BRIEF:
Please copy every line below that contains the string "touch".
■ ■ ■
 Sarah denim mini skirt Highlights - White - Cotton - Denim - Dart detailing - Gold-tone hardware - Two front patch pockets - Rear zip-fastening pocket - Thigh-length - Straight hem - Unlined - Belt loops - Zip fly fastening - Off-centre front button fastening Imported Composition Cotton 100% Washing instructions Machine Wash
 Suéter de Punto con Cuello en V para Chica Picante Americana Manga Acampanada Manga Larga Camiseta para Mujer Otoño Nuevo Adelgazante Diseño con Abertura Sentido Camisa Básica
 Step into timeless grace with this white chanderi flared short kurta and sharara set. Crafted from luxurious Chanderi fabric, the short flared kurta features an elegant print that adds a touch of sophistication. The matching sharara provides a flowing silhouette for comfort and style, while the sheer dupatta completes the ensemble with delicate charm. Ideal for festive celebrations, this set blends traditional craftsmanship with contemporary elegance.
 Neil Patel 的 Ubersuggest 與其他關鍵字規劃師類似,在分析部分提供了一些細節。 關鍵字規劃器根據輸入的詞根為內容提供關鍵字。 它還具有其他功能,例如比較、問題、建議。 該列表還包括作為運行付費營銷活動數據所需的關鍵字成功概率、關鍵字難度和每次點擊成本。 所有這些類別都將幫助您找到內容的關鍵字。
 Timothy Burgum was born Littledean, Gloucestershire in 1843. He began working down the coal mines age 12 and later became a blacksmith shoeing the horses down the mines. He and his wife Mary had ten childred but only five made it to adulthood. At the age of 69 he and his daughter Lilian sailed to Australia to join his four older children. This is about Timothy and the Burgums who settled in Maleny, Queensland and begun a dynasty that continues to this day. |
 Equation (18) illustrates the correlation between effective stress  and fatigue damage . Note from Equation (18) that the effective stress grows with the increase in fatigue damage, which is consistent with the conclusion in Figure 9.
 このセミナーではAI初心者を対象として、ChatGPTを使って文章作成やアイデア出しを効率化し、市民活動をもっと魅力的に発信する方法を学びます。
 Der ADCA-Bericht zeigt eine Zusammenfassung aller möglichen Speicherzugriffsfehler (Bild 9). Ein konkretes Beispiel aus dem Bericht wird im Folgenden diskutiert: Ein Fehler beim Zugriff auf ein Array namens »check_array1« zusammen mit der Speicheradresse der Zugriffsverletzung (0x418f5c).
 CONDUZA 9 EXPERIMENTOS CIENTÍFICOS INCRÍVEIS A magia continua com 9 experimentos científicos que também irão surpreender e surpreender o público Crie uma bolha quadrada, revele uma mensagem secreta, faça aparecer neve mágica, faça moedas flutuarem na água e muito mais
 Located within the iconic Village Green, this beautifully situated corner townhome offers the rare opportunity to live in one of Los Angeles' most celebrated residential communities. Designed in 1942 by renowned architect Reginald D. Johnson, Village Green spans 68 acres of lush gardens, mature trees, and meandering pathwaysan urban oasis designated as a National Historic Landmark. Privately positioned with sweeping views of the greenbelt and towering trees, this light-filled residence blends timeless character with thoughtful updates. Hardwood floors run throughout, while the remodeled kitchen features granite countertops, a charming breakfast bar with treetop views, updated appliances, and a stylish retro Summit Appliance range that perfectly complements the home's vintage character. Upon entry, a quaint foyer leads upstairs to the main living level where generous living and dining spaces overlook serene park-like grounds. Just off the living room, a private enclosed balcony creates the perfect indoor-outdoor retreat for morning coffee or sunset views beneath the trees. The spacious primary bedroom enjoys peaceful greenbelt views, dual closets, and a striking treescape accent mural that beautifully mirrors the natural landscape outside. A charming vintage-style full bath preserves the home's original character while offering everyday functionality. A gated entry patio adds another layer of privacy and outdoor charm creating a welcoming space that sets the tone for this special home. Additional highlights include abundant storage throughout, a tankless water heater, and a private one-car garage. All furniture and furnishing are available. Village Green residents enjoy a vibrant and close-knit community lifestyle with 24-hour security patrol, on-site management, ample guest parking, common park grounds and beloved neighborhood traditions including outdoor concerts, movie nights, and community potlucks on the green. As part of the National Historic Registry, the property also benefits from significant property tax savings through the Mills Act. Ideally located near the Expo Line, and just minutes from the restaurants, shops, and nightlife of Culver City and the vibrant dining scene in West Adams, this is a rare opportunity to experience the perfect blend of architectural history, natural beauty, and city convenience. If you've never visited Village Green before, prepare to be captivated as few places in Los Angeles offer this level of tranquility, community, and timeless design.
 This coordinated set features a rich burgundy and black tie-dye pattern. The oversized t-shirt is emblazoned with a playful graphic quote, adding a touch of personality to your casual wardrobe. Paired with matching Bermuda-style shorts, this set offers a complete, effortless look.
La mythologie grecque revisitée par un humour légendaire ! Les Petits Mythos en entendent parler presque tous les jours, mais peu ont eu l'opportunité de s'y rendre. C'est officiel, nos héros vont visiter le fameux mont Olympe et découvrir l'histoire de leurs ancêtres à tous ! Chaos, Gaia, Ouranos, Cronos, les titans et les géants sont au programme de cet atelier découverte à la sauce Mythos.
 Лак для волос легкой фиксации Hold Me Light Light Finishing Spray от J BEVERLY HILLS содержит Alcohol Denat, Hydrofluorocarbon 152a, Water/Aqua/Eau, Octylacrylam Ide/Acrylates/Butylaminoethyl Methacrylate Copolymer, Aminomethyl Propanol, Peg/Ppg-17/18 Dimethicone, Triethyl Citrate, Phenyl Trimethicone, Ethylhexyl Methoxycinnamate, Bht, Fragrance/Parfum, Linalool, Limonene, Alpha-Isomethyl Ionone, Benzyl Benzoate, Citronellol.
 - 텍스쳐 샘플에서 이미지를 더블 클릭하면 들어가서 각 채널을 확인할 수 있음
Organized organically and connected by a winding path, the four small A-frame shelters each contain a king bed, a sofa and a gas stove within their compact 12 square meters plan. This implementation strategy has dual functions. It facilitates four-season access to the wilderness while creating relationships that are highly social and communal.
■ ■ ■
ANSWER TO THE PROBLEM:
 Step into timeless grace with this white chanderi flared short kurta and sharara set. Crafted from luxurious Chanderi fabric, the short flared kurta features an elegant print that adds a touch of sophistication. The matching sharara provides a flowing silhouette for comfort and style, while the sheer dupatta completes the ensemble with delicate charm. Ideal for festive celebrations, this set blends traditional craftsmanship with contemporary elegance.
 This coordinated set features a rich burgundy and black tie-dye pattern. The oversized t-shirt is emblazoned with a playful graphic quote, adding a touch of personality to your casual wardrobe. Paired with matching Bermuda-style shorts, this set offers a complete, effortless look.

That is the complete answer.